Complications possibles de la méthode chirurgicale : perforation utérine, déchirure du col de l’utérus et hémorragie, infection utérine ou rétention ovulaire
La prophylaxie de l’allo-immunisation Rhésus en cas de Rhésus négatif chez la femme est recommandée en France (IV ou IM de 200 µg d’immunoglobulines anti-D) dans les 72 heures qui suivent les saignements que ce soit pour l’IVG ou l’IMG.
Interruption Médicale de Grossesse
Au-delà des 14 semaines d’aménorrhée, l’Interruption Volontaire de Grossesse se transforme en IVG d’indication médicale et devient l’Interruption Médicale de Grossesse. La décision de pratiquer une IMG pour motifs maternels n’est pas toujours soumise au Centre Pluridisciplinaire de Diagnostic Prénatal contrairement aux motifs fœtaux (21). La concertation pluridisciplinaire qui statue sur sa réalisation réunit au moins 4 membres dont le médecin obstétricien-gynécologue (membre d’un CPDPN), un médecin spécialiste de la pathologie pour laquelle l’indication est demandée (maternelle ou infantile), une assistante sociale ou psychologue et un médecin nommé par la patiente. Aucune interruption de grossesse ne peut se faire sans le consentement de la patiente. A la fin de cette réunion est fournie ou non, une attestation médicale à la patiente permettant la réalisation de l’Interruption Médicale de Grossesse.

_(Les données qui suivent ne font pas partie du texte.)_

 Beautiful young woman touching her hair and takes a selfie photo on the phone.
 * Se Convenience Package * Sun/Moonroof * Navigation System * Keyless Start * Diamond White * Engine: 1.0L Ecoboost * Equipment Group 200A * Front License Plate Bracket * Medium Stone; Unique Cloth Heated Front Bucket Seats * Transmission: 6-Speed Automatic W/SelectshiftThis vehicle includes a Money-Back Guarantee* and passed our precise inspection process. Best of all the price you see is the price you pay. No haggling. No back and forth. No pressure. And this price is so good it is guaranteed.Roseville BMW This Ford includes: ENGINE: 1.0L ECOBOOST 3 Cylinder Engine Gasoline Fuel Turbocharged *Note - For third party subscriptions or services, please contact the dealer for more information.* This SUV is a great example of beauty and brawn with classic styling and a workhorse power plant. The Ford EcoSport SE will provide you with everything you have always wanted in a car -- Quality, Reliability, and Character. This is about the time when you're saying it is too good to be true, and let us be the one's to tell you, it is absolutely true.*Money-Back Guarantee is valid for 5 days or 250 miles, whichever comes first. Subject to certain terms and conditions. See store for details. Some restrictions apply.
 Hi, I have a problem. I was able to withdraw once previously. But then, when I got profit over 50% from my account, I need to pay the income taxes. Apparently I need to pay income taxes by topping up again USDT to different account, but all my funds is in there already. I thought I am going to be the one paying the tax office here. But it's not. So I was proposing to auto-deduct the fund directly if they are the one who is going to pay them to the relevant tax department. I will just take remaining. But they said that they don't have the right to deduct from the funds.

Le médecin se doit d’informer la patiente au cours d’entretiens spécialisés sur les méthodes d’intervention, la durée de celle-ci et le temps d’hospitalisation nécessaire. Il doit fournir le nom des produits utilisés ainsi que les effets attendus et effets indésirables possibles. La patiente doit être au fait et comprendre les possibles complications dues à l’intervention.

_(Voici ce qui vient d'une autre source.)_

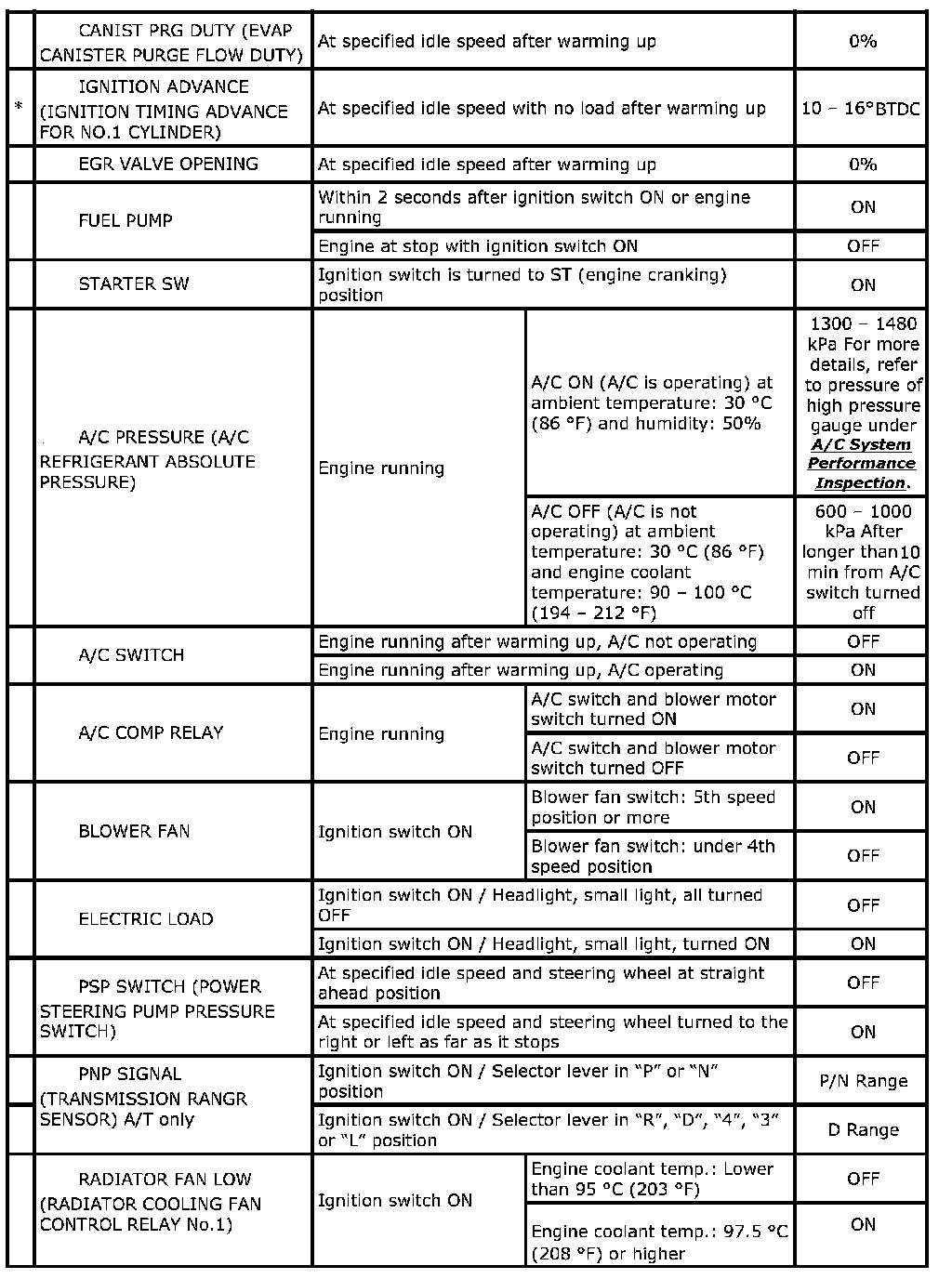 - When checking the data with the engine running at idle or racing, be sure to shift M/T gear to the neutral gear position and A/T gear to the "Park" position and pull the parking brake fully. Also, if nothing or "no load" is indicated, turn OFF A/C (if equipped with A/C), all electric loads, P/S and all the other necessary switches.

Complications possibles lors de la réalisation d’une IMG : rupture utérine, hémorragie, infection, rétention placentaire
Une prise en charge avec un psychologue est possible à la demande de la femme ou du couple ainsi que par une assistante sociale. Sera évoqué avec eux la prise en charge également du fœtus (choix de réaliser une autopsie, de voir le corps, de déclarer l’enfant à l’Etat Civil et de l’inhumé s’il a moins de 22 SA ou pèse moins de 500 g ; si la grossesse est supérieure à 22 SA ou si le fœtus pèse plus de 500 g alors les démarches deviennent obligatoires quant à la déclaration à l’Etat Civil ; l’inhumation est obligatoire seulement pour les fœtus ayant plus de 22 SA). Des aides pour accompagner la patiente et le couple sont proposées également en dehors du champ médical via des associations de parents telles que « Petite Emilie », « l’Enfant sans nom – Parents endeuillés ».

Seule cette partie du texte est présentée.